Edwards (2005) argues that academic researchers need to broaden their frame of reference and that greater emphasis should be placed on contextual issues (i.e. the causes of the trends that are observed), on comparing different international systems of indus­trial relations and on gender relations in the workplace. Sisson (2005) gives a robust defence of contemporary academic research in employee relations, but also sets out an extensive and wide-ranging agenda for the future. His list of ‘major issues’ includes managing diversity, organisational learning, employee voice and corporate social responsibility alongside institutional concerns relating to organisational structure and industrial conflict.


Employee relations, more than other areas of HRM practice, varies considerably from country to country. Although there has been some convergence recently due to increased global competition and new technologies, substantial differences remain. Different countries have seen different responses to the same environmental pressures (see Bamber and Lansbury 1998 for a summary of these). In industrialised countries comparative studies reveal the continued effect of different industrial relations traditions on con­temporary practice. They also identify the importance of historical experience and institutional differences in explaining the observed variations. The major dimensions across which national systems vary are as follows:

  • high union membership and low union membership;
  • single-employer bargaining and multi-employer bargaining;
  • interventionist government role and non-interventionist role;
  • adversarial tradition and consensual (or social partnership) tradition;
  • autocratic management style and involving management style.

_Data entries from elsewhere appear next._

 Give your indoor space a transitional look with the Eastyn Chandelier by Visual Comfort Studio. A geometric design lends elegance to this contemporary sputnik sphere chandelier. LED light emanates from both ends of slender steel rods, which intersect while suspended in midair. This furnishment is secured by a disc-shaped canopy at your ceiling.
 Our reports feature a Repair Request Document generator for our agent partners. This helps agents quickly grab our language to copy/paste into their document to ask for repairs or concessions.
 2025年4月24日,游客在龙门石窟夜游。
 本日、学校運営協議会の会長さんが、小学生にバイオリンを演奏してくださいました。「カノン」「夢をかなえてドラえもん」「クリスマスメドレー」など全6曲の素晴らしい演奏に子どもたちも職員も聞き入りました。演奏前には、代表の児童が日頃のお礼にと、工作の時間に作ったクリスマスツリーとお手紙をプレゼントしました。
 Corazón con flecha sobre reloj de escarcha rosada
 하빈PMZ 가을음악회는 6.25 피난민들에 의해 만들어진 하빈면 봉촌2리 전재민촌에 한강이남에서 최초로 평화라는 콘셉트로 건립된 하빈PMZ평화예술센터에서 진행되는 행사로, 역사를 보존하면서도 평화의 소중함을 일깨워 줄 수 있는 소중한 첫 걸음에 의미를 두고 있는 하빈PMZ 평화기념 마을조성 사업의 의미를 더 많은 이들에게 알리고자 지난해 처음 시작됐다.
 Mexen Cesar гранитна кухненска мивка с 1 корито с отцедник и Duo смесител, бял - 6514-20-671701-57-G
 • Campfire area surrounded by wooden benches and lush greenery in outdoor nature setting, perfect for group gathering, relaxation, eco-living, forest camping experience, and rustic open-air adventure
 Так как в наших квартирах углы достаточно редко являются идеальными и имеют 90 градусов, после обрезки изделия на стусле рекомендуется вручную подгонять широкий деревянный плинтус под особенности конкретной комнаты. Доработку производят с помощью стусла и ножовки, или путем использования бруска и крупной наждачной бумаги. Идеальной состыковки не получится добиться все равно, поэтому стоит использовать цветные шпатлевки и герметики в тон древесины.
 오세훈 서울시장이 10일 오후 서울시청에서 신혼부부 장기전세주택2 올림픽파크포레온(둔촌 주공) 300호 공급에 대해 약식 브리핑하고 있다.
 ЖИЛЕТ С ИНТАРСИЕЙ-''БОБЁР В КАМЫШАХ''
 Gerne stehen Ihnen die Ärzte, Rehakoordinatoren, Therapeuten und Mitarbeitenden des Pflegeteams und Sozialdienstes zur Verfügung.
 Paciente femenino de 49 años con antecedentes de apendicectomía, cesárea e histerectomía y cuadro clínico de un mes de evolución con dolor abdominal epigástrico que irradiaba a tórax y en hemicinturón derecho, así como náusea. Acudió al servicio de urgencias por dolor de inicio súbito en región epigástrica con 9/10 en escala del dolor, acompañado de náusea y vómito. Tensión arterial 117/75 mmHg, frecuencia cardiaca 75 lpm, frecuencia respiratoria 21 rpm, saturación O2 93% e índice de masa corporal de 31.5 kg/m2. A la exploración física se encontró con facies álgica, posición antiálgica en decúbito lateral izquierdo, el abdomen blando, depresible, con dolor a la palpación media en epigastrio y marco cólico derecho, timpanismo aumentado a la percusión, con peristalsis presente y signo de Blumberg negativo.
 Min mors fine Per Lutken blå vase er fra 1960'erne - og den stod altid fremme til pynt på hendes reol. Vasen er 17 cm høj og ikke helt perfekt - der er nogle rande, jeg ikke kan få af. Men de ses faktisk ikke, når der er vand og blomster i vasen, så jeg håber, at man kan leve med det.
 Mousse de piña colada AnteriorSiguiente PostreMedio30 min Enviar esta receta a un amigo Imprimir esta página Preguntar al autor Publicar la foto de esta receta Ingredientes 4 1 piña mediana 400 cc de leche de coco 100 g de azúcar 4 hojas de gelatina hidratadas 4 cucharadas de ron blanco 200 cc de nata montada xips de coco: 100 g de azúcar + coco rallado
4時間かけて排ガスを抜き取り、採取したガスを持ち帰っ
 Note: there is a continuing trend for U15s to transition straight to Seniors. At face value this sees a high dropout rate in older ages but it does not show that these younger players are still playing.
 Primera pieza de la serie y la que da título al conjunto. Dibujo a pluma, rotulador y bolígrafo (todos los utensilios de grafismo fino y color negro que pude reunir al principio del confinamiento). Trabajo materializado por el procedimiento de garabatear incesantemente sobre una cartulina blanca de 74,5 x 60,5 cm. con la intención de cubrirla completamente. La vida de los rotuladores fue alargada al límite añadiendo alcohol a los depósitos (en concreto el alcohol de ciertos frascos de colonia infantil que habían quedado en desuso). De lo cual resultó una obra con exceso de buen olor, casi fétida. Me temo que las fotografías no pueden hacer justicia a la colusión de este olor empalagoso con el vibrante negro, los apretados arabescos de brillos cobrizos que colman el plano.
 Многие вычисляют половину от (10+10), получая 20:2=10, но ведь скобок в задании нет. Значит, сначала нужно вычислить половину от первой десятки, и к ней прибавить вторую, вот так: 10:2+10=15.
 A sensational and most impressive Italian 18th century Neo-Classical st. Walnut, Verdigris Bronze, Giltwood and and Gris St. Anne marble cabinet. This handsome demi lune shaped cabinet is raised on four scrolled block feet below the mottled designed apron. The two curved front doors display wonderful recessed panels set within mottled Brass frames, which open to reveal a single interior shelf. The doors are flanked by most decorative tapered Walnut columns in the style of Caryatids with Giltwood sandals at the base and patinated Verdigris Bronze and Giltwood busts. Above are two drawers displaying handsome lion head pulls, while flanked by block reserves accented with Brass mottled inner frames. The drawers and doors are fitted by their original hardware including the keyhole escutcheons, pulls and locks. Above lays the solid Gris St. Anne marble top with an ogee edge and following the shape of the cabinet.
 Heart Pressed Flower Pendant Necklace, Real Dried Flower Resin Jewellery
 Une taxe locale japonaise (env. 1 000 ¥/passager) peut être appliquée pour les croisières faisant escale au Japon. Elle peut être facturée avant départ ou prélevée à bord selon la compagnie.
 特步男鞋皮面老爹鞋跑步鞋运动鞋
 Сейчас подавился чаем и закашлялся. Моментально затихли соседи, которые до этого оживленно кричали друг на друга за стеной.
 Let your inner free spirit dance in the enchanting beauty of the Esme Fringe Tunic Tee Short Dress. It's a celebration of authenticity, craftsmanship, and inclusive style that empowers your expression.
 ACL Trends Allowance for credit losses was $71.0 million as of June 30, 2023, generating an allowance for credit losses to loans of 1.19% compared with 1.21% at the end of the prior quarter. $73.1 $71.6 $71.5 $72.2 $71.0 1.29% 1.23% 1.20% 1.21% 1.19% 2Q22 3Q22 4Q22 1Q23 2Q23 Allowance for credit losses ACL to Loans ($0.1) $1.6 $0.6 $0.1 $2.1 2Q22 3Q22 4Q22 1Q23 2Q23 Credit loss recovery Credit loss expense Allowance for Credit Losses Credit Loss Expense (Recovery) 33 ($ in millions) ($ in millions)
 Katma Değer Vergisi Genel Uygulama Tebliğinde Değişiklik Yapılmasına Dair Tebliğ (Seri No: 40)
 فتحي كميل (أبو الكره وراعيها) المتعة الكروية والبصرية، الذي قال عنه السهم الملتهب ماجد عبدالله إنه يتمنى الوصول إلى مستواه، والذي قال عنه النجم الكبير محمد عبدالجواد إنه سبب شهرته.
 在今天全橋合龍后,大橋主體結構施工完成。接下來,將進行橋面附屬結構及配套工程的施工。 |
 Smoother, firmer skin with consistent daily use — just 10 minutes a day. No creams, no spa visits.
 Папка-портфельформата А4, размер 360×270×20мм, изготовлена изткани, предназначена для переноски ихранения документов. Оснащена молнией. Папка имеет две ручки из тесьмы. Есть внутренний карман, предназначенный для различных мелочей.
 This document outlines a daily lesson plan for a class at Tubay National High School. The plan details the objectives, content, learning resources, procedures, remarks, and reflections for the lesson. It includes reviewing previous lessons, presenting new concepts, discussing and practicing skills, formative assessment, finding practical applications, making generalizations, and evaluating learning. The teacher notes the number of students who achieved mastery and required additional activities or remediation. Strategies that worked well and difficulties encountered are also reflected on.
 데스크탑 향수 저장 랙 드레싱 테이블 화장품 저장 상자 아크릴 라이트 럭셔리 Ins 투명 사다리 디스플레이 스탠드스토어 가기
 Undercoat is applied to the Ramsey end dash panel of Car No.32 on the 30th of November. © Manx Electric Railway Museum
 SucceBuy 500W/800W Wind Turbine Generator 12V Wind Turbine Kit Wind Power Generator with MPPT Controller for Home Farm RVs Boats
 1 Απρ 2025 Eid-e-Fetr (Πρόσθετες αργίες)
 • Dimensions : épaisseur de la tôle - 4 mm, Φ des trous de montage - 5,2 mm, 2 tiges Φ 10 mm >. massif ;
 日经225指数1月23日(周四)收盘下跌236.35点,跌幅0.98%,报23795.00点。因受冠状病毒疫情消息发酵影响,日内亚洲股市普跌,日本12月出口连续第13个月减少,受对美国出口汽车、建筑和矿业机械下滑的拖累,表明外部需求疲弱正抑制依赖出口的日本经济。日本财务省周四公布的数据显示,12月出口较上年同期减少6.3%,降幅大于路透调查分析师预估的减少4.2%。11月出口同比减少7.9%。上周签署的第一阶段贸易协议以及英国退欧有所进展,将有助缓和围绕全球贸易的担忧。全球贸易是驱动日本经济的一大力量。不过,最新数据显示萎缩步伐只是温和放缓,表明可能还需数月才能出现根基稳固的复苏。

Clearly, of course, there is a great deal of variation within as well as between national systems in all the above areas. It is also true that things do not remain static over time and that prevailing norms within any country evolve in new directions. However, it remains the case that certain approaches remain associated with particular countries. In Japan, for example, union membership is high and management practices relatively autocratic, but the unions themselves are enterprise based and there is a consensual tradition. In Germany and the Scandinavian countries the social partnership approach is well established, but here it is associated with industry-based unions, national-level bargaining, extensive employee involvement in decision making and heavy government intervention. Hence employers are obliged by law to consult and share decision making with their workforces through works councils (see Chapter 21). In France, by contrast, union membership is notoriously low, but the unions maintain a role in negotiating terms and conditions because they are empowered to do so in law. The government is further involved through the setting of minimum standards in areas such as training provision, holiday entitlements, wages, hours of work, health insurance and pensions. Government intervention is also extensive in the Eastern European countries, but here union membership remains relatively high, while bargaining is often carried out at industry level. The main practical implications associated with this variation in approach are for multinational organisations. They have an understandable impulse to strengthen their corporate culture by taking a standard approach to employee relations management across their operations, but also have to take account of local conditions. For them, success comes when they find ways of creating a company-wide, international strategy which is adaptable to the requirements of the various countries in which they operate. Employee relations considerations thus play a major role in determining which countries are chosen as the locations for their operations. They can also contribute to decisions about plant closures when retrenchment is deemed necessary.